_Problem to solve:_ What is needed is a copy of each line in the listing that contains "from".

_The data:_

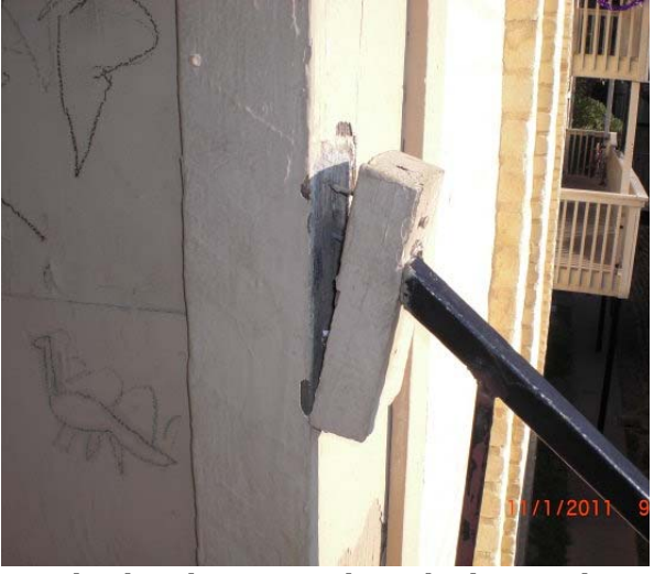
Handrail no longer anchored adequately and pulling away from structure.
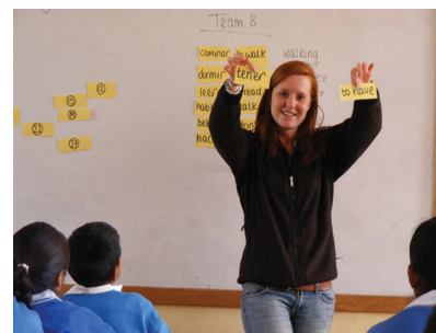
Teach English in the Sacred Valley of Peru

Recruiting volunteers from around the world, Projects Abroad sends thousands of volunteers away each year to a wide array of projects across the developing world. Founded in 1992, Projects Abroad operates in 30 developing countries and supports over 1000 unique projects, from humanitarian-based projects such as Care, Teaching, Conservation and Human Rights to internships in Law, Journalism and Medicine. Projects Abroad offers safe, sustainable, constructive and worthwhile projects, which allow volunteers to make a positive impact and form a genuine connection to the community or environment in which they work.

_Task solution:_
Handrail no longer anchored adequately and pulling away from structure.
Recruiting volunteers from around the world, Projects Abroad sends thousands of volunteers away each year to a wide array of projects across the developing world. Founded in 1992, Projects Abroad operates in 30 developing countries and supports over 1000 unique projects, from humanitarian-based projects such as Care, Teaching, Conservation and Human Rights to internships in Law, Journalism and Medicine. Projects Abroad offers safe, sustainable, constructive and worthwhile projects, which allow volunteers to make a positive impact and form a genuine connection to the community or environment in which they work.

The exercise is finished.